Principle Six Cooperative Conference
Event Information
Description
PRINCIPLE SIX Cooperative Conference Viles Arboretum Conference Center
153 Hospital St, Augusta, Maine Saturday, April 30, 2016, 8:30 am – 5 pm
Hosted by:
Cooperative Maine
Cooperative Development Institute
Cooperative Fund of New England
Democracy at Work Initiative
8:30 am - Arrival, register, get ready for prompt beginning at...
9 am - Opening and Open Space Orientation* - Main Room - 20 min.
Using the “Open Space”* meeting philosophy....
Framing Question: "How Can We Grow a Cooperative Ecosystem?"
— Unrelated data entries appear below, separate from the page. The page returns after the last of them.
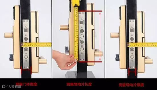 测量导片长度、宽度及门厚度--通过这组数据可以确定您家原有锁体的大小,并根据厂商可提供的门锁进行适配。也现有锁体大小(不同厂家对尺寸要求也有不同)
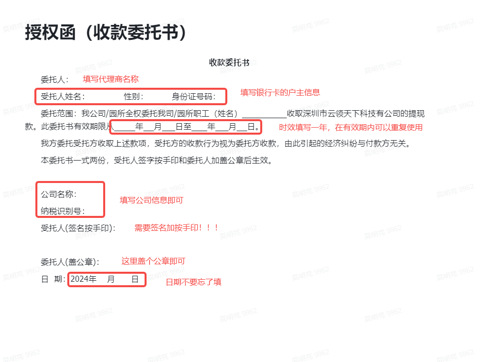 5、委托书填写模板(如下图所示):授权函(收款委托书)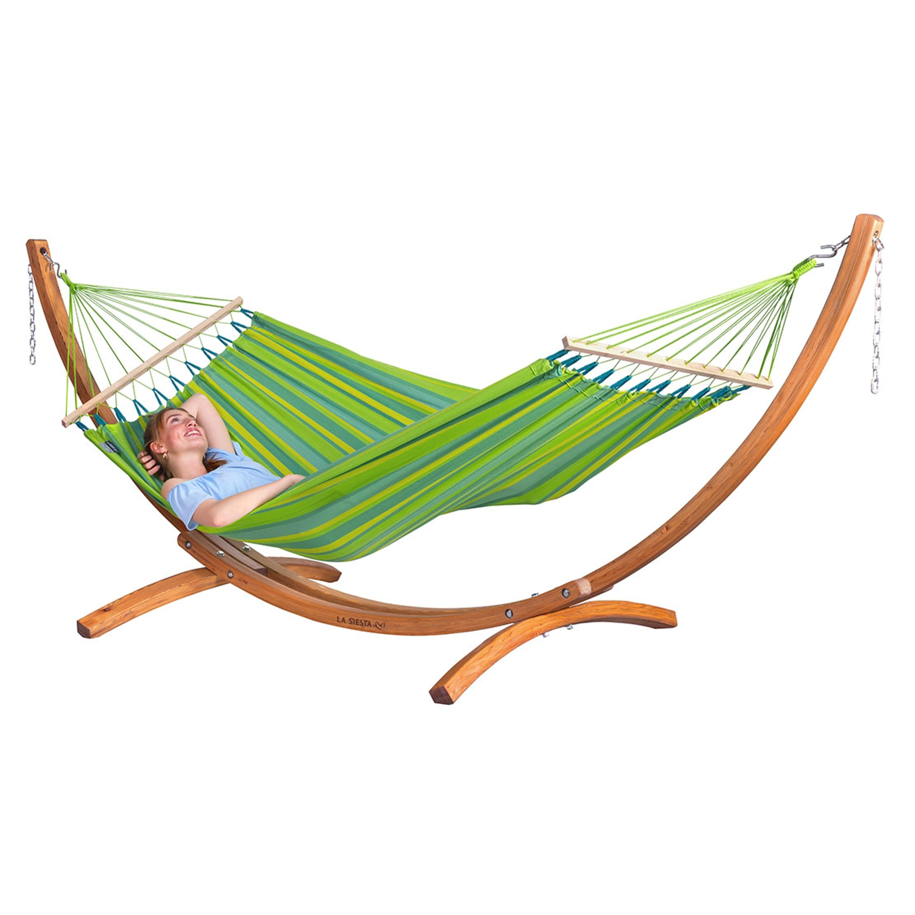 Či už ste si vybrali klasickú hojdaciu sieť alebo tú s rozpernou tyčou, elegantný drevený stojan Maera je najjednoduchší spôsob, ako ju zavesiť a užiť si bezstarostnú relaxáciu vonku na záhrade alebo doma.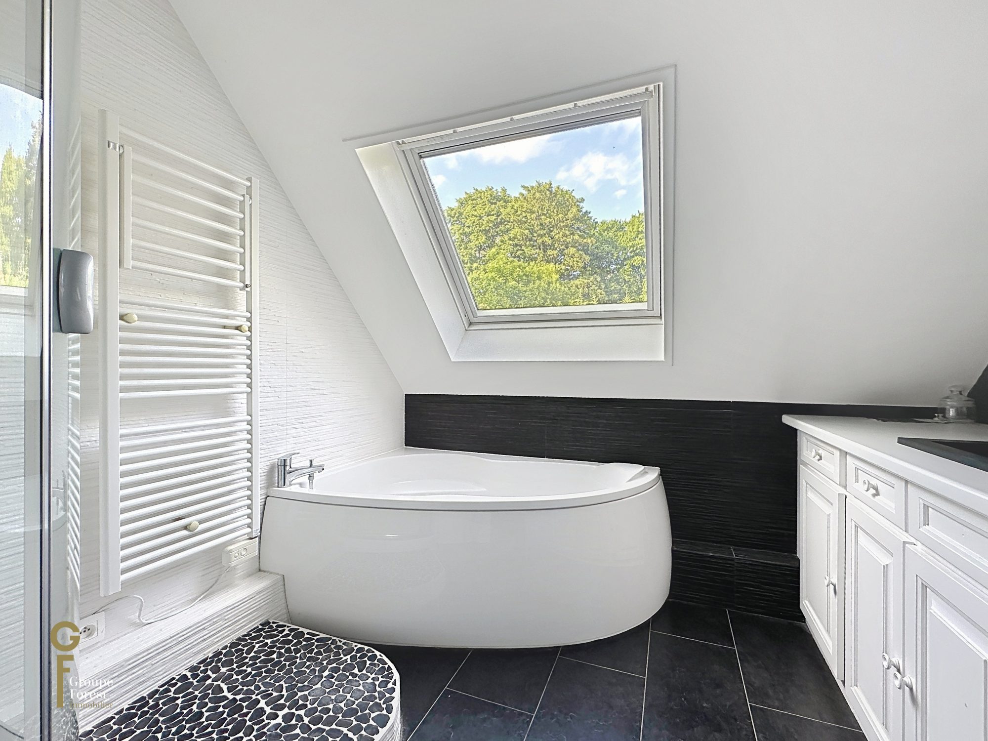 Le premier étage dessert quatre chambres dont trois pourvues de placards et une salle de bains complète avec baignoire, douche et deux vasques.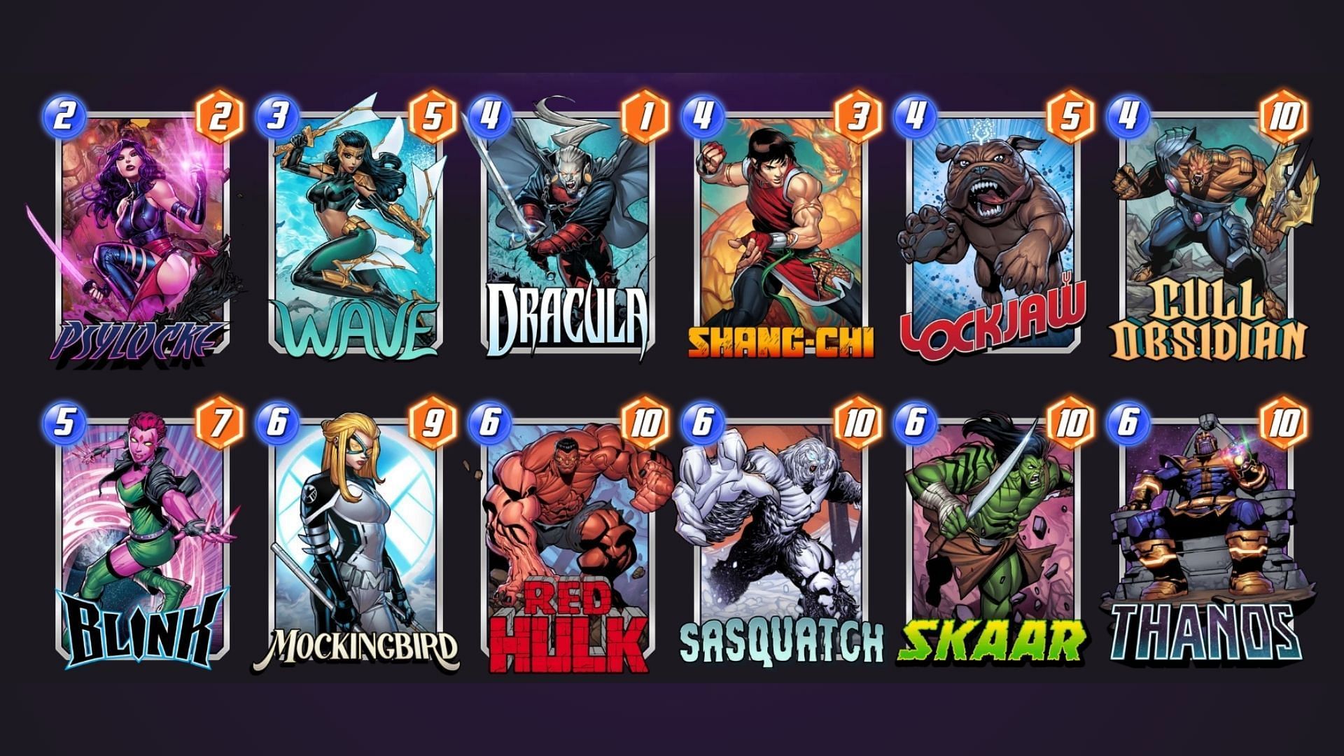 This deck focuses on utilizing Lockjaw to swap cards effectively, allowing for powerful plays with high-cost cards like Vision and Cull Obsidian. Psylocke provides an energy ramp, enabling earlier plays. The combination of Nocturne and Mockingbird can create a strong board presence while Hope Summers can capitalize on the opponent’s plays. The goal is to control the board while setting up for a powerful endgame with Thanos.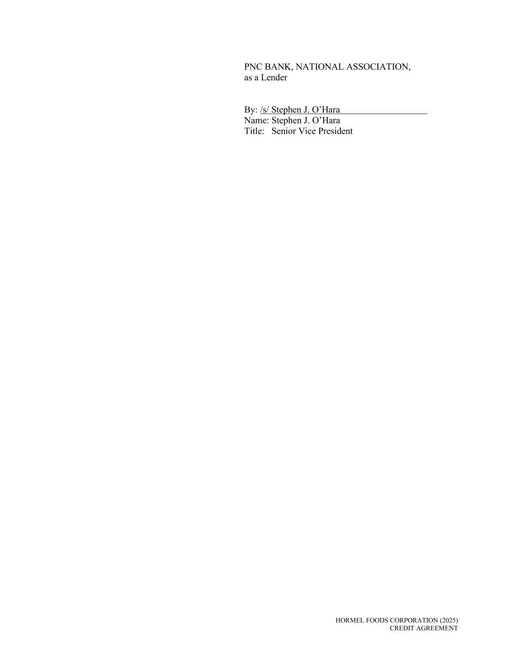HORMEL FOODS CORPORATION (2025) CREDIT AGREEMENT PNC BANK, NATIONAL ASSOCIATION, as a Lender By: /s/ Stephen J. O’Hara Name: Stephen J. O’Hara Title: Senior Vice President
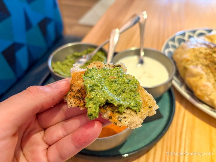 Finally, the Jalapeno Shatta had a lot of herby flavor to it, with the most prominent flavor being parsley. The chef said the seeds were taken out of the jalapenos, so it wasn’t super spicy, but it still had a slight kick to it. It had a bit more of a gritty/chunky texture to it, along with a nuttier taste, similar to walnuts. We were big fans!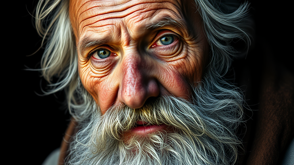 A highly detailed image of an elderly fisherman with a weathered face and a long, flowing gray beard, set against a dark background. His eyes sparkle with the wisdom of years, telling silent stories of the sea's trials. The wrinkles etched into his skin speak of countless days spent battling the elements, while his firm, yet gentle expression exudes a quiet strength and resilience. Wisps of his hair catch the faint light, adding to the textured depth of the portrait, which captures not just a man, but a lifetime of experiences.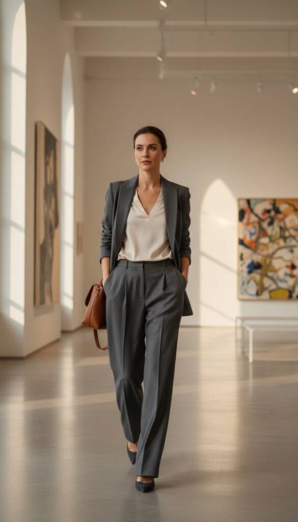 Embrace refined sophistication with tailored wide leg trousers, a testament to impeccable design and enduring style. Crafted from a premium wool or crepe blend, their fabric offers a beautiful drape and a subtle, sophisticated texture. The generous wide leg silhouette creates a long, graceful line, enhancing your height and adding a touch of dramatic flair to your movements. These trousers provide both exceptional comfort and a polished appearance, making them ideal for an elegant dinner or a formal event. Paired with a fitted top or a flowing blouse, they offer a powerful, contemporary aesthetic that speaks volumes about a woman’s confident and discerning taste.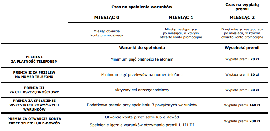 Aby otrzymać w sumie 400 zł przelewem na konto, w miesiącu otwarcia konta lub w kolejnym, następującym po miesiącu otwarciu konta musisz: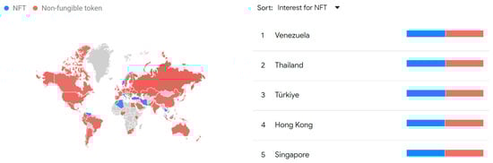 Figure 1 presents the Google Trends search volume index for the keywords “NFTs” and “non-fungible tokens” across different geographic regions. The figure shows the relative search interest for these keywords over time, from 2018 to 2023. The geographic dispersion of search interest is also illustrated, with regions of high and low interest highlighted.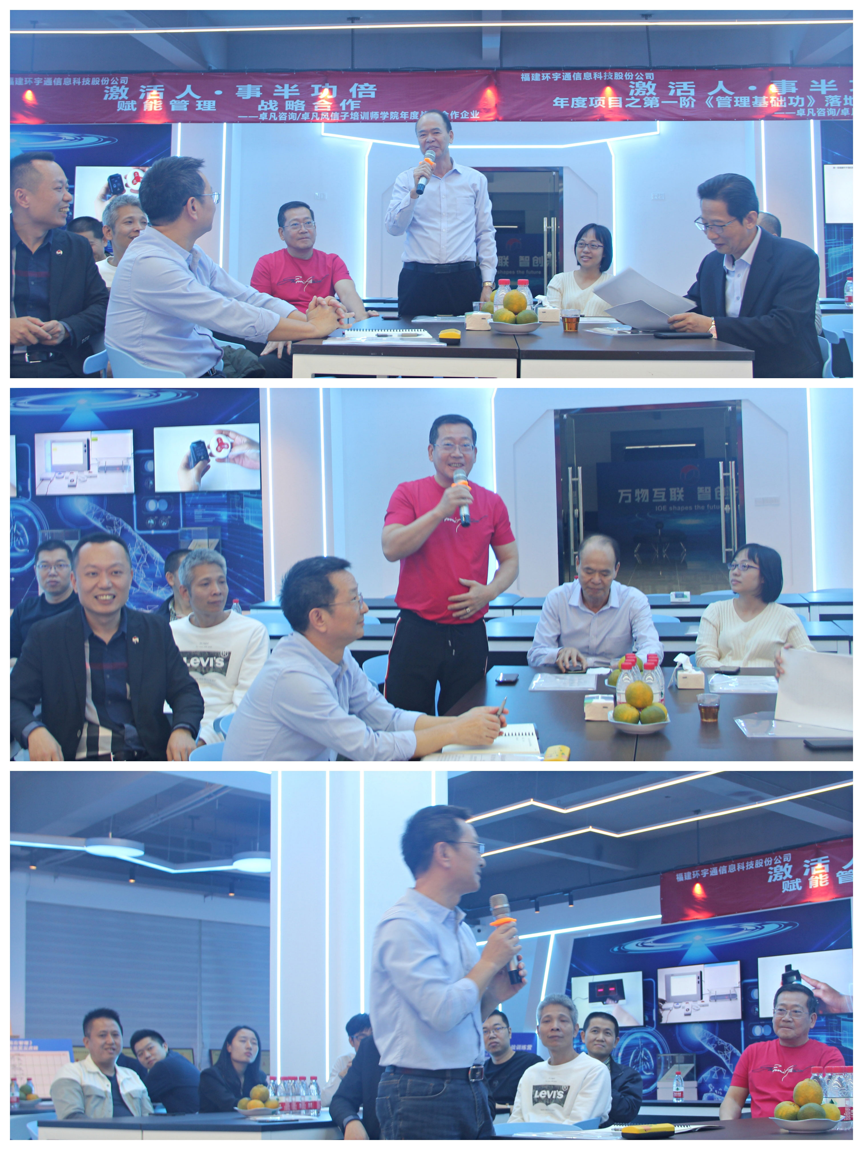 作為常務(wù)副會長單位,福建環(huán)宇通信息科技股份公司歷來備受行業(yè)、協(xié)會的高度關(guān)注。活動伊始,大家在謝建華董事長引領(lǐng)下先參觀了環(huán)宇通公司一樓產(chǎn)品展示體驗廳;隨后齊聚一樓展示廳舉行座談交流會。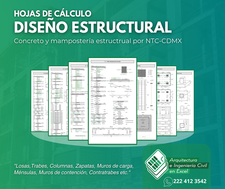 Hojas de cálculo para diseño estructural, calcula y optimiza elementos de concreto armado y mampostería estructural con base en la normativa NTC-CDMX-2023. Obtén resultados precisos para garantizar seguridad, eficiencia y cumplimiento en tus proyectos de construcción. ¡Una herramienta esencial!.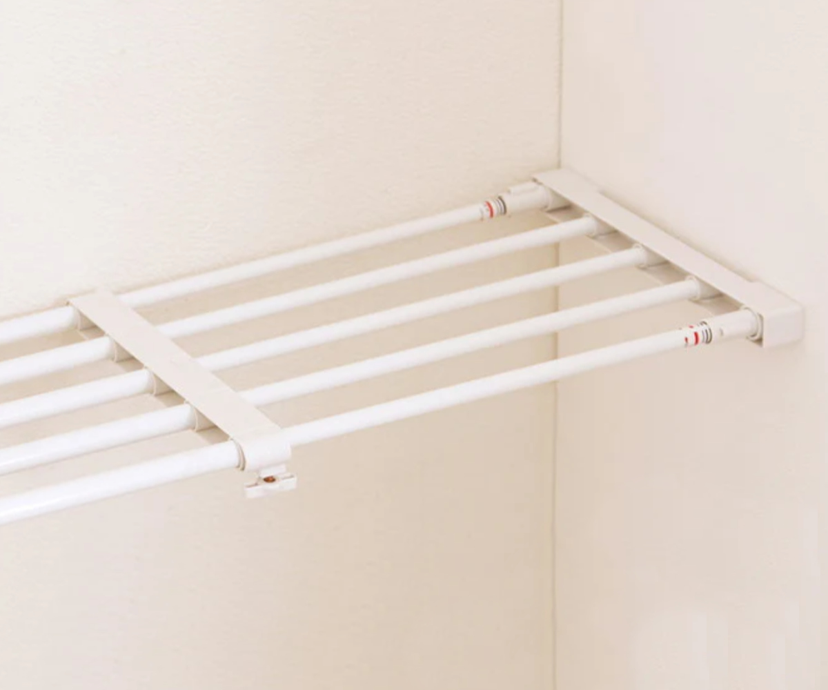 つっぱり式の棚は、トイレや洗面所、お部屋のちょっとしたデッドスペースに取り付けるだけで、簡単に収納スペースを作り出すことができます。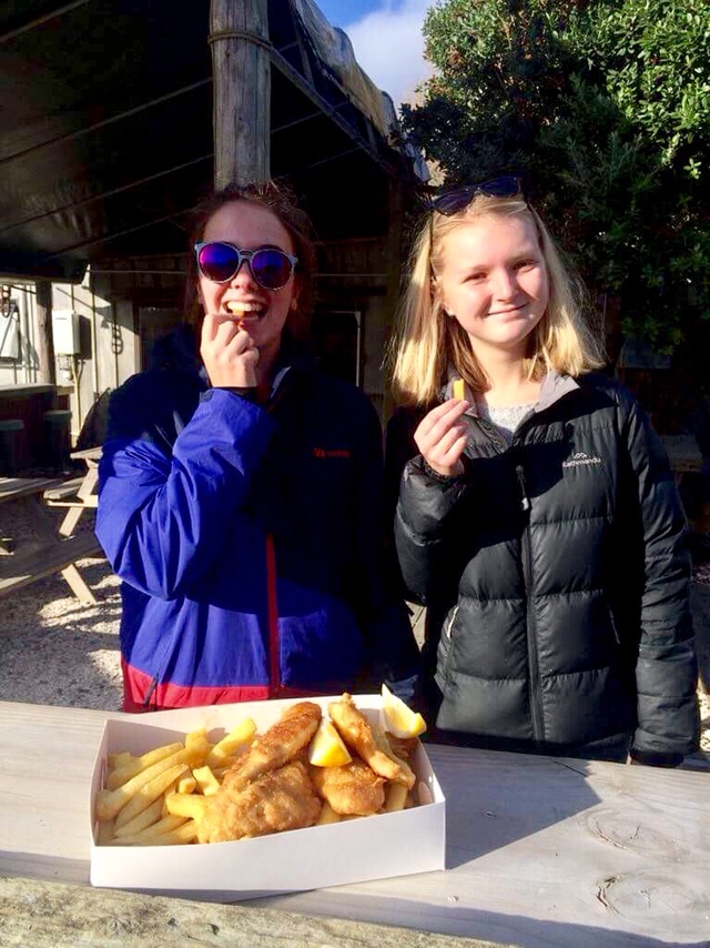 On the way home we stopped for another dose of ‘fush and chups’, which Annette claimed would be the best in the world as it was all freshly caught. She was not wrong, and we sat outside to eat it overlooking the sea.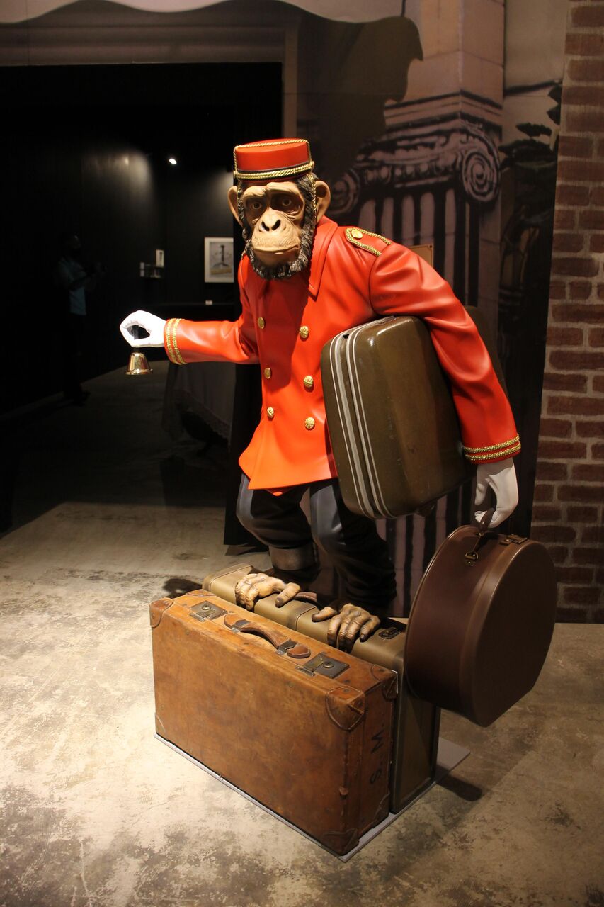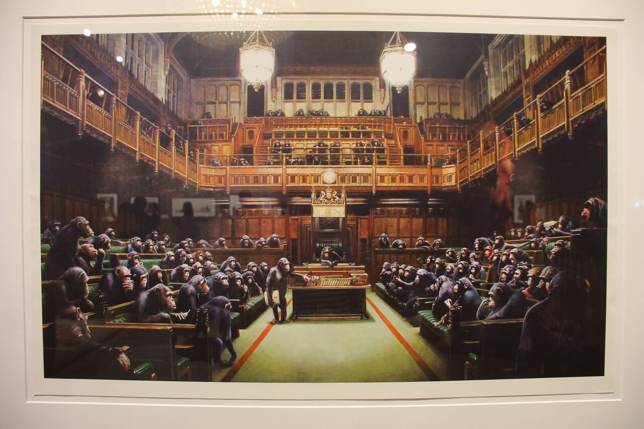 バンクシーが個展で本物のインド象に豪華なペイントをして部屋の真ん中に展示したそうで、英語で「Elephant in the room(部屋に象がいる)」という「明白な問題について誰も触れようとしない」という言葉に掛けた作品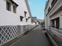 入ってすぐ、南に向けた右側、即ち西の家並みですので、早朝7時前に行けば人の写り込みを避けられます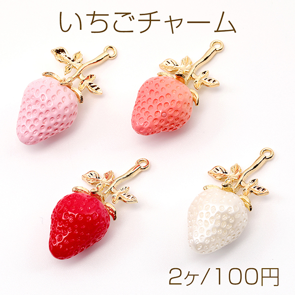 いちごチャーム イチゴ ストロベリー いちご 苺 チャーム フルーツ 約15×33mm(2ヶ)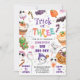 Trick or Three! Cute Purple Halloween 3rd Birthday Invitation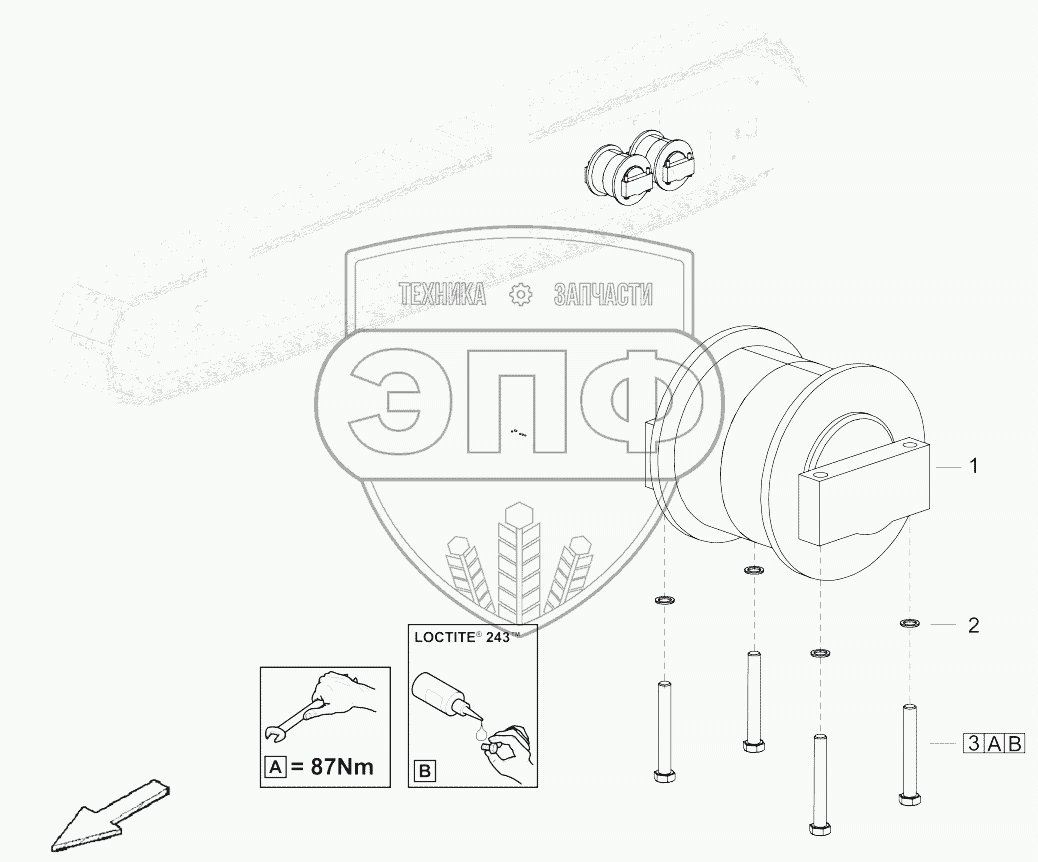 Каталог запасных частей к технике: DYNAPAC SD2550CS. Track roller, cpl.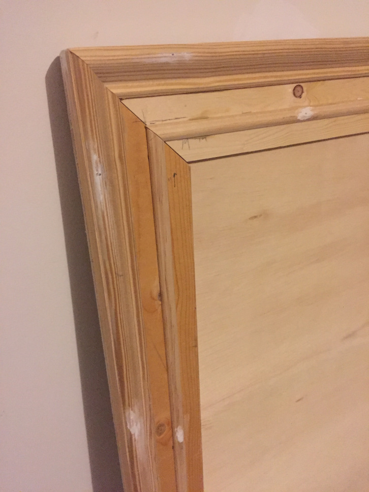 Once you have your 1x4s attached like the image below, you’ll use the wood glue to place your panel molding and smaller trim molding.

POSSIBLE topics we might discuss could include:
Young and startup co-ops; Support group: member-workers; Lessons from cooperative crises/closures; Support group: general managers; Staff on a co-op board, good or bad idea?; How can co-ops in Maine work together more effectively? And more...bring your ideas:
9:30 am - Open Space - Session A each space will have a convener. 50 min. +/-
10:30 am - Open Space - Session B each space will have a convener. 50 min. +/-
11:30 am - Open Space 'Harvest' – Main Room – reports from Open Space sessions. 30 min.
12:00 noon - Speaker (in Main Room) – Keynote address, Joe Marrafino, DAWI 30 min.
12:30 pm - Lunch, Main Room, w/networking and informal announcements at end of lunch 75 min.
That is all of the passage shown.